Public Sector Facilities Management Professionals – NOW IS THE TIME FOR CHANGE

Public Sector Facilities Management Professionals – NOW IS THE TIME FOR CHANGE.

The historically high levels of economic and environment waste associated with public sectors buildings and other forms of physical infrastructure are simply not sustainable.

Now is the time for public sector facilities management professional to reassert themselves as strategic partners with senior leadership and enablers of change management.

Solutions are now readily available to assure the efficient delivery of quality repair, renovation, and new builds.  These solutions require mastering change and associated leadership skills.

Public Sector Facilities Management Professionals need to focus upon change management to successfully address critical environmental and economic issues.

The evolving role of public sector facilities management professionals

While the role of public sector facilities management professionals is ever evolving, the rate of change must rapidly accelerate to avoid the looming economic and environmental cliff that we all know is in front of each and everyone of us.

While many inexplicably continue to see technology as a savior, it can not to address the basic cause of waste….sector-wide failure to adopt robust lean processes and the associated lack of core information to enable better decision-making.  Simply throwing billions of dollars at construction or technology is equally foolhardy.

All the tools and support services are readily available to show people and organizations how to address facilities and physical infrastructure stewardship efficiently.   Senior leadership must  support requisite change, and garnering that support and commitment is the role of public sector facilities professionals.

Public sector FMers  must adapt robust LEAN process and tools to their organizations.  The typical crisis management and reactive nature of facilities management must be shifted toward long-term goals and responsibilities, and true strategic leadership.

The first steps

The first step, after determining what is required to align physical structures with the organizational mission, is the integration of planning, procurement, and project delivery activities.

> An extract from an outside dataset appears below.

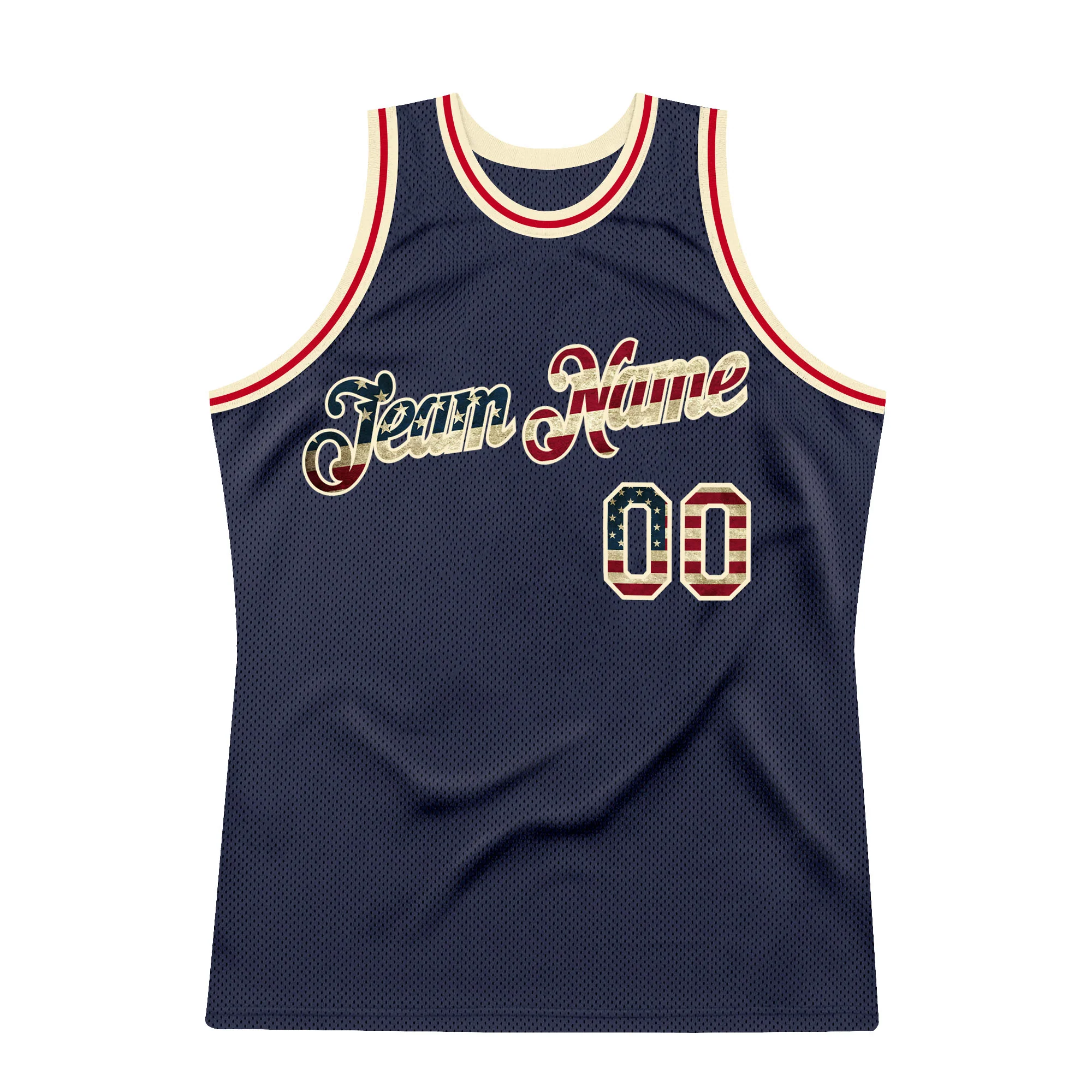 Custom Navy Vintage USA Flag-Cream Authentic Throwback Basketball Jersey

This aspect is accomplished by the appropriate implementation of integrated project delivery (IPD) for large projects and LEAN job order contracting (for example the 4BT OpenJOC(TM) Framework), for repair, renovation, maintenance, sustainability, and minor new construction.

Again, senior leadership must take advantage of the previously missed opportunities to leverage the expertise of public sector facilities professions and private sector solutions providers.  Similarly, public sector FMers must engage in long-term, mutually beneficial relationships with their vendors/service providers.

In recent years, responsibilities and accountability of public sector facilities management professionals have come to the forefront and include:

  1. Financial visibility and transparency (only possible with the use of locally researched detailed construction cost data and LEAN processes)
  2. Compliance with federal, state, county, and local statutes
  3. Improving the efficiency of dollars spent .  More dollars spent on actual construction versus rework/change order, or administrative fees.